Gadfly is based on a declarative vector graphics system called Compose.jl, which might be independently useful.

Makie

Makie is an OpenGL-backed visualisation library so without investigating further I would presume it does great on screen-quality 3d possibly at the expense of print-quality 2d. Haven’t tried it, since learning the Plots.jl and Gadfly.jl APIs has filled up my brain, but the gallery is pretty.
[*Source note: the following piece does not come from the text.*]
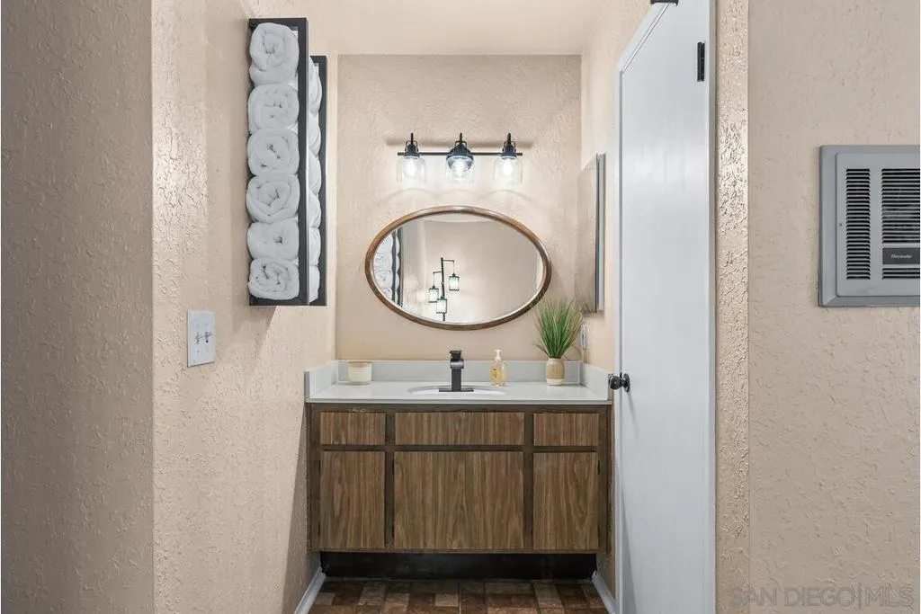 Scripps Ranch 92131 – lowest priced homeownership opportunity! First-floor condo with both a balcony and patio. Clean and move-in ready with a fireplace in the living room and a new walk-in shower. Newer stainless steel kitchen appliances. Spacious and bright. Freeway convenient yet surrounded by eucalyptus trees, giving the complex a quiet, peaceful feel. A beautiful community pool and laundry room are located just across the driveway from the unit. Pets allowed with very few restrictions. One covered parking space included. Sellers currently lease a second space from the HOA for $50 per month, which may be transferable to the buyer.
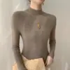 Otoño e Invierno Nuevo Suéter de Punto de Cachemira de Una Línea Sin Costuras Listo para Usar para Mujer Ajustado de Medio Cuello Alto Camisa Básica de Punto Slim

Edited highlights of its justification for existing:

Makie is a high level plotting interface for GLVisualize, with a focus on interactivity and speed.

It can also be seen as a prototype for a new design of Plots.jl, since it will implement a very similar interface and incorporate a lot of the ideas.

A fresh start instead of the already available GLVisualize backend for Plots.jl was needed for the following reasons:

  1. Plots.jl was written to create static plots without any interaction. This is deeply reflected in the internal design and makes it hard to integrate the high performance interaction possibilities from GLVisualize.
  2. Plots.jl has many high level plotting packages as a backend [and] there is no straight interface a backend needs to implement, which lead to a lot of duplicated work for the lower level backends and a lot of inconsistent behavior since the code isn’t shared between backends.
  3. …There should be a finite set of “atomic” drawing operations (which can’t be decomposed further) which a backend needs to implement and the rest should be implemented via recipes using those atomic operations.
  4. Backend loading is done in Plots.jl via evaling the backend code. This has negative consequences:

    1. Backend code can’t be precompiled leading to longer load times
    2. Backend dependencies are not in the Plots.jl REQUIRE file…

That sounds promising for the future, eh?

Vega

Vega.jl binds to a javascript ggplot-alike, vega. There is a “higher level” binding also called VegaLite.jl.

It’s unclear to me how either of these work with print graphics, and they are both lagging behind the latest version of the underlying Vega library, so I’m wary of them.

Others

Winston.jl has a brutalist simple approach but seems to go.